Imbolc Waxing Wild Moon
At this time of year gardeners begin to develop x-ray vision, seeing through the snow, ice and frozen soil and imaging the greening. Those of us who rely on memory more than paper try to envision what we’ve got in the ground, sort of the botanical base line. Perennial flowers and plants, which make up the bulk of our terraced gardens, have an established presence. We add in some annuals as the spirit moves, sometimes we divide existing plants like hosta, hemerocallis, iris, Siberian iris, liguria, bug bane, dicentra, aster. Once in a while we plant new bulbs. None last fall, for example, but that probably means some this fall.
(pic: where we left off last fall)
This part of the garden requires work, but not as much as the vegetables and the orchard. I count it is a known quantity.
The permaculture additions, of which we have made several over the last three years, are still new to us, requiring attention and learning. This year, I’ve decided, will be a consolidation year. Nothing new, making what we have work as well as we can. That means planting vegetables in two categories: kitchen garden for eating throughout the summer and early fall and vegetables for storage over the winter: potatoes, garlic, parsnip, carrots, greens, squash those kind of things.

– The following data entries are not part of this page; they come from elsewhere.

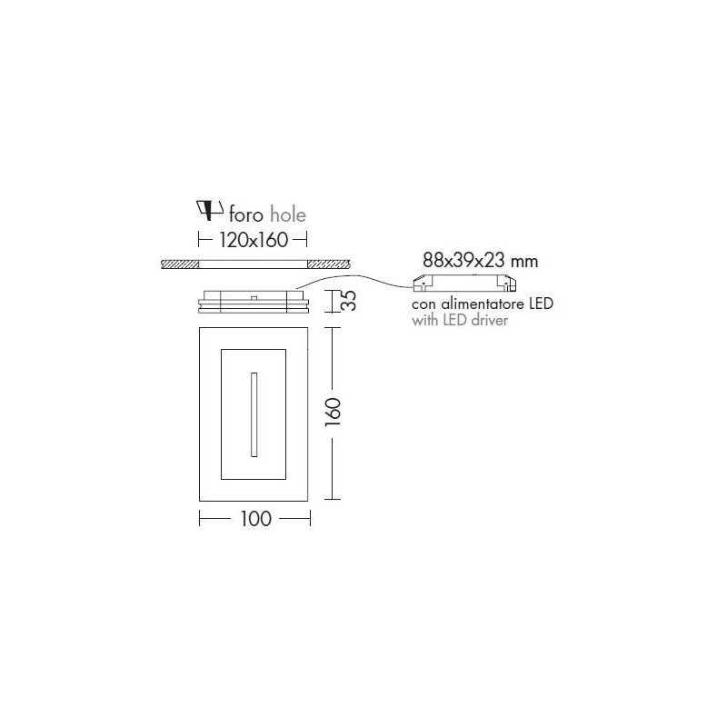 DIMENSIONI: L 100 x L 160 x P 35 mm
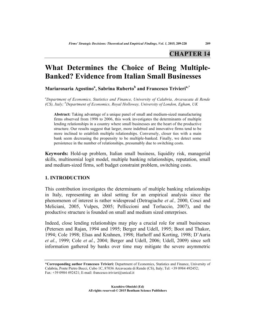 What Determines the Choice of Being Multiple- Banked? Evidence from Italian Small Businesses, Page 1 of 1
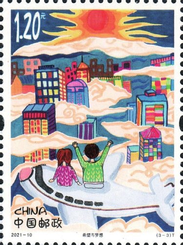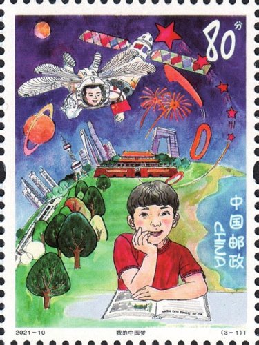 登上《兒童畫作品選》特種郵票的3幅作品“我的中國夢”“國粹之韻”和“希望與夢想”,分別由上海市同濟(jì)小學(xué)的楊曉芒、合肥新站壽春實驗中學(xué)的費(fèi)玉婷、上海市周浦第三小學(xué)的錢昕逸3位小朋友設(shè)計。第一枚通過描繪我國航空航天事業(yè)、城市、交通網(wǎng)絡(luò)繁榮發(fā)展等場景,表達(dá)了少年兒童不斷追尋探索宇宙的夢想以及對未來美好生活的憧憬;第二枚描繪了傳統(tǒng)文化與城市發(fā)展、現(xiàn)代科技共繁榮的場景,表達(dá)了少年兒童對中華優(yōu)秀文化的熱愛與傳承;第三枚描繪了偉大祖國不斷發(fā)展的場景,少年兒童登高望遠(yuǎn)、憧憬未來。三枚郵票緊密圍繞主題,展現(xiàn)出少年兒童對黨領(lǐng)導(dǎo)下的偉大祖國的無比熱愛、由衷禮贊和美好祝愿。
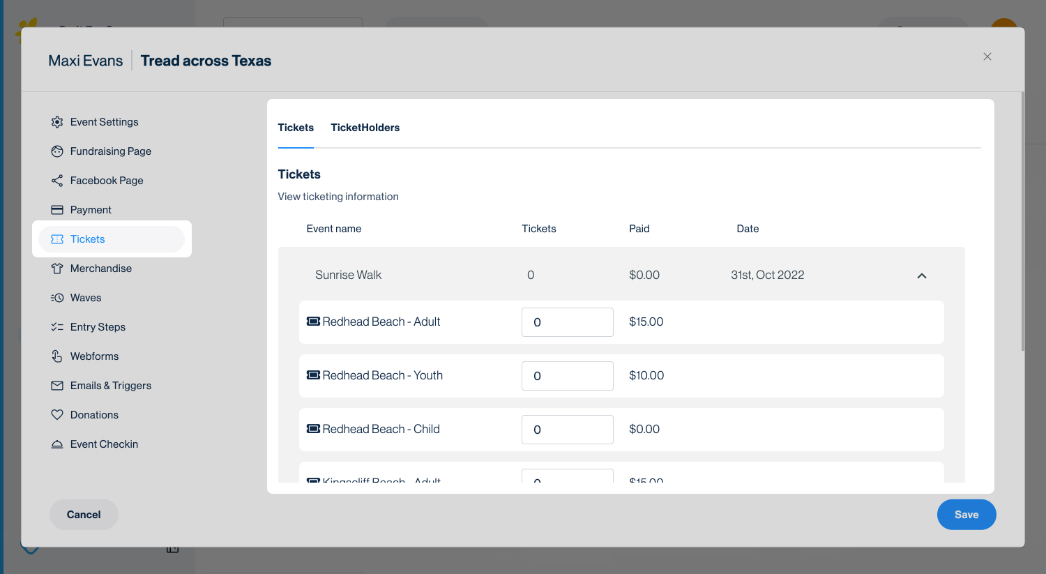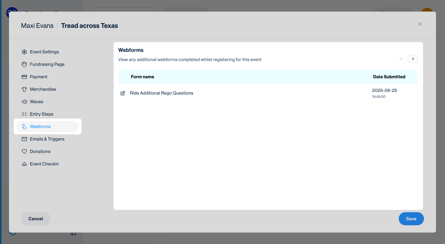 To edit a fundraiser’s participation details, click the edit icon next to the event. This opens a lightbox where you can view and update all of their event-specific information.
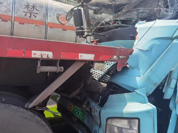 货车追尾驾驶室变形 武安交通执法队员紧急救人
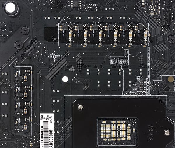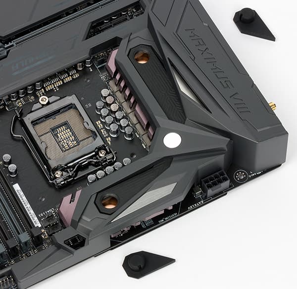 Система охлаждения платы Asus Maximus VIII Formula включает в себя два радиатора. Один радиатор углового типа охлаждает MOSFET-транзисторы, а еще один радиатор закрывает чипсет Intel Z170.

There is a good bit of work to be done repairing Rigel and Vega’s late fall destruction. That won’t be repeated because we have a small fortune in fencing around the vegetables and the orchard, but I lost heart last fall and didn’t get the netaphim repaired and earth moved back into place. That awaits in the spring.
In mid-March I have the bee-keeping class and this year I have the same consolidation idea for the bees. Establishing the hives as permanent parts of our property.
We do have a couple of smaller non-garden projects that need to get done. I dug the fire-pit two years ago, but with all the fun of the puppy’s last summer never got back around to it. It needs finishing. I also want to turn the former machine shed into a honey house, a place to store bee stuff and to process the honey. Of course, we actually have to produce some first.